Introduction to Redundant Technology With the development of the Internet, large-scale campus networks have transformed from simple information carrying platforms to a public service providing platform.

Introduction to redundant technology

With the development of the Internet, large-scale campus networks have transformed from simple information carrying platforms to a public service provision platform. As an end user, I hope to maintain contact with the network at all times. Therefore, robustness, efficiency and reliability have become an important goal of the development of the park network. To ensure the reliability of the network, redundant technology is required. The experience that high redundant networks want to bring us is that when network devices and links are interrupted or changed, users can hardly feel it.

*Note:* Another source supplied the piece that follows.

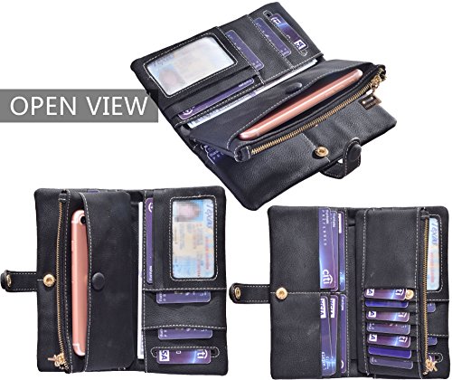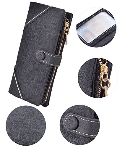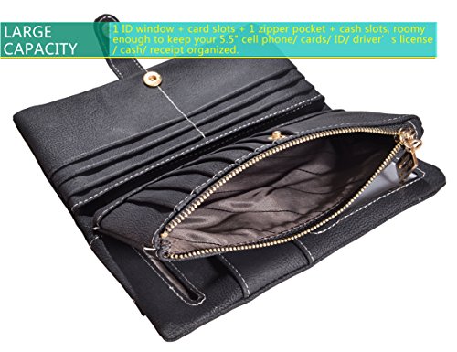 - LARGE CAPACITY: 1 ID window + card slots + 1 zipper pocket + cash slots, roomy enough to keep your 5.5" cell phone/ cards/ ID/ driver’s license/ cash/ receipt organized.

In order to achieve this goal, redundancy needs to be implemented on all links of the park network, including network equipment, links and WAN exits, user side, etc. The redundant deployment of large campus network also includes all three links, namely: device-level redundancy, link-level redundancy and gateway-level redundancy. This article will explain the basic principles and implementations of these three redundant technologies in detail.

device-level redundancy technology

device-level redundancy technology is divided into power supply redundancy and management board redundancy. Due to the limitations in equipment cost, both technologies are used in mid-to-high-end products. The following figure shows the power supply redundancy technology of a manufacturer's switch :

As shown in the figure, a manufacturer's equipment has two built-in power slots. By inserting different modules, two AC power sources or two DC power sources can be accessed, realizing 1+1 backup of the device's power sources. The most common configuration in the project is to insert two P6800-AC modules at the same time to realize a 1+1 backup of the 220v AC power supply. After the implementation of redundant backup of of

power module , when the main power supply is interrupted, the backup power supply will continue to power the equipment without causing business interruption.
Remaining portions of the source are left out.